Ed Malyon is a British sports journalist who is Managing Director of UK Operations for The Athletic. He was formerly the sports editor of The Independent and the weekend football editor of the Daily Mirror.

Education 
Malyon received a B.A. in Spanish and French from Manchester University.

Career 
Malyon began his journalism career as a freelance writer, reporting on South American football for The Daily Mirror, Sports Illustrated, ESPN, The Guardian and FourFourTwo.
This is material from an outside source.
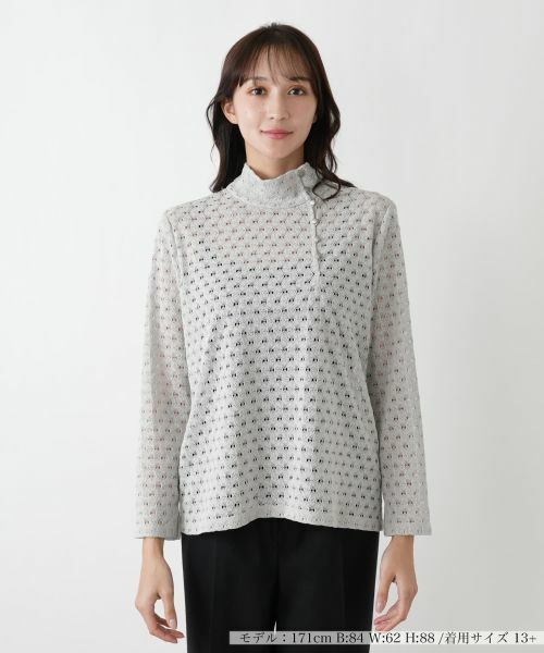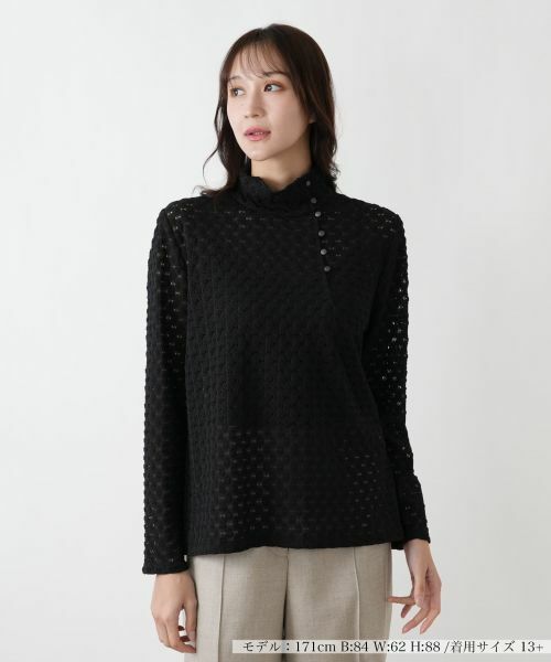 繊細な透かし編みが全体に軽やかな表情を生み出すプルオーバーです。総体に施された規則正しい幾何学的なパターンは、見る角度によって穏やかな陰影と奥行きを演出し、一枚で豊かな表情を纏います。首元は上品にカーブを描き立ち上がるボトルネックで仕立てられており、顔周りをすっきりと見せます。左肩からネックラインにかけては、共生地の包みボタンが縦一列に配置され、視覚的なアクセントとして洗練された印象を与えています。

He joined the Daily Mirror full-time in 2013 and was later made deputy sports editor and European football correspondent.

Malyon was appointed sports editor of The Independent in 2017 while still only 27, the youngest in the history of Fleet Street to be given the role. He was the host of The Indy Football Podcast, nominated for ‘best podcast’ at the 2017 Football Supporters Federation awards.

He left the Independent on 17 May 2019 to join startup US sports website The Athletic.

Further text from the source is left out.